Adds a key that can only be used for authentication in the following circumstances:

1. From the origin host to scylla.example.org as any user.
2. From the origin host to cetus.example.org as user perseus.
3. Through scylla.example.org to host charybdis.example.org as user medea.

Attempts to use this key to authenticate to other hosts will be refused by the agent because they weren't explicitly listed, as would an attempt to authenticate through scylla.example.org to cetus.example.org because the path was not permitted. Likewise, trying to authenticate as any other user then perseus to cetus.example.org or medea to charybdis.example.org would fail because the destination users are not permitted.

More complicated paths can be specified, but each hop needs to be listed in its own -h option. So a multi-hop path might look something like:

    $ ssh-add -h "HostA" \
              -h "HostA>HostB" \
    	      -h "HostB>HostC" \
              key-file

The new feature requires updates to the client-side tools, but also needs updated SSH servers on the remote systems. The agent protocol needed to change to incorporate the server host key in the authentication requests, so older SSH servers will not be able to participate in the new scheme.

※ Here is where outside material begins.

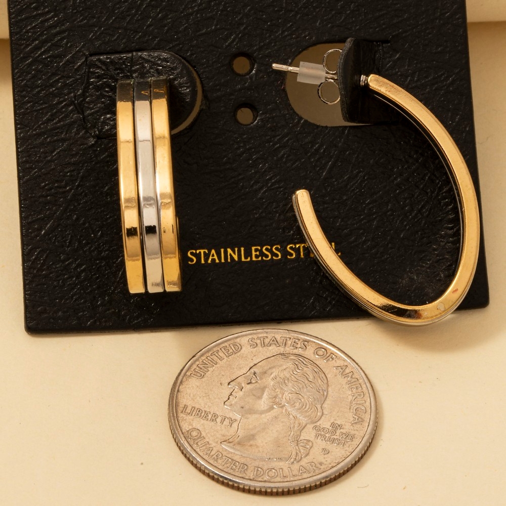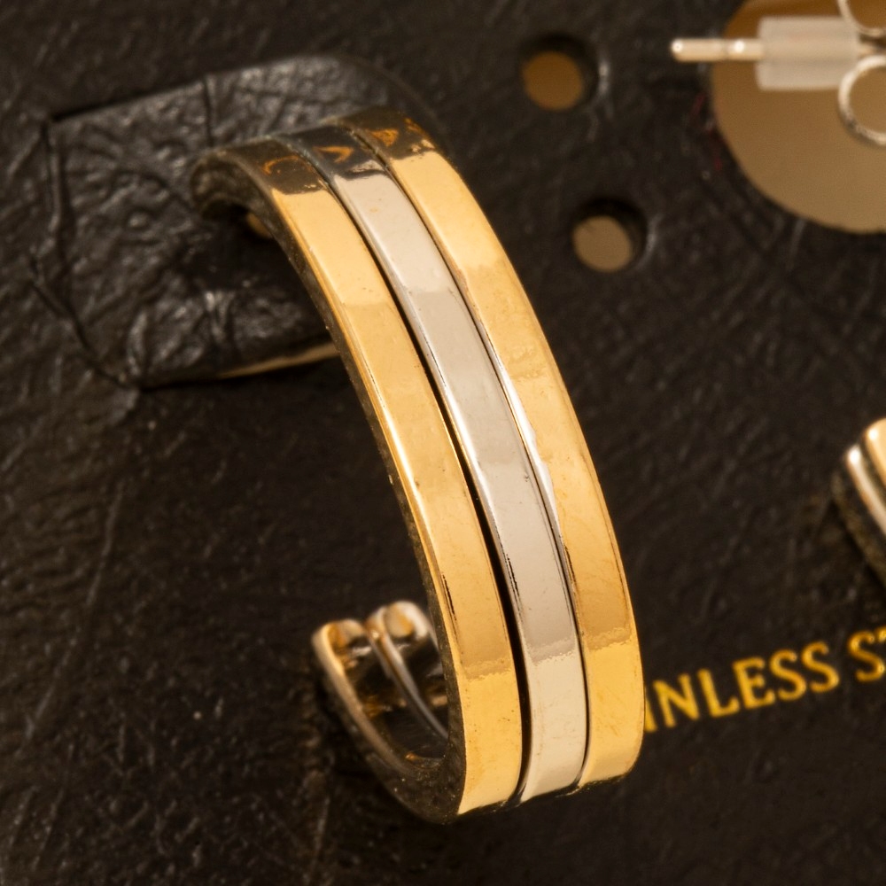 • Perfectly polished and endlessly versatile, this pair of hoop earrings embodies a sophisticated two tone stainless steel wide layered design. A stylish pair of hoop earrings that's perfect for complementing your favorite outfit. Available in GDMRH. This item is sold in packs of 1.

The feature will "fail safe" if ssh-add or the SSH server do not support the agent restrictions; ssh-add will fail if it does not understand the destination constraints and the agent will decline authentication requests that are not sent with the host key.

There are some caveats. The biggest is that attackers can still hijack the agent connection so they can request authentication to hosts (and users) that have been authorized, but from different hosts than expected:

Less obviously, they will also be able to forward use of the agent to other hosts, e.g. by using an SSH implementation that doesn’t cooperate with ssh-agent, or another tool entirely, such as socat. Note that the attacker isn’t gaining any new access to keys here, they are still forced to act via the compromised host and their access is still restricted to the keys that were permitted for use though the intended host only.

[...] Because of these subtleties, it’s better to think of key constraints as permitting use of a key through a given host rather than as from a particular host, and, more generally, that any forwarding path is only as strong as its weakest link. Another helpful way to think about key constraints is that each one represents a delegation of a key to a host, that is only slightly more trustworthy than the delegate is.

Overall, this seems like a welcome addition to the SSH toolbox; the restrictions provided will be useful. It is nice to know that agent forwarding will no longer provide carte blanche access to any host where the key will work. The document describing the feature is admirably detailed, with a look at the implementation details, plans for the future, and more. Interested readers are encouraged to take a look.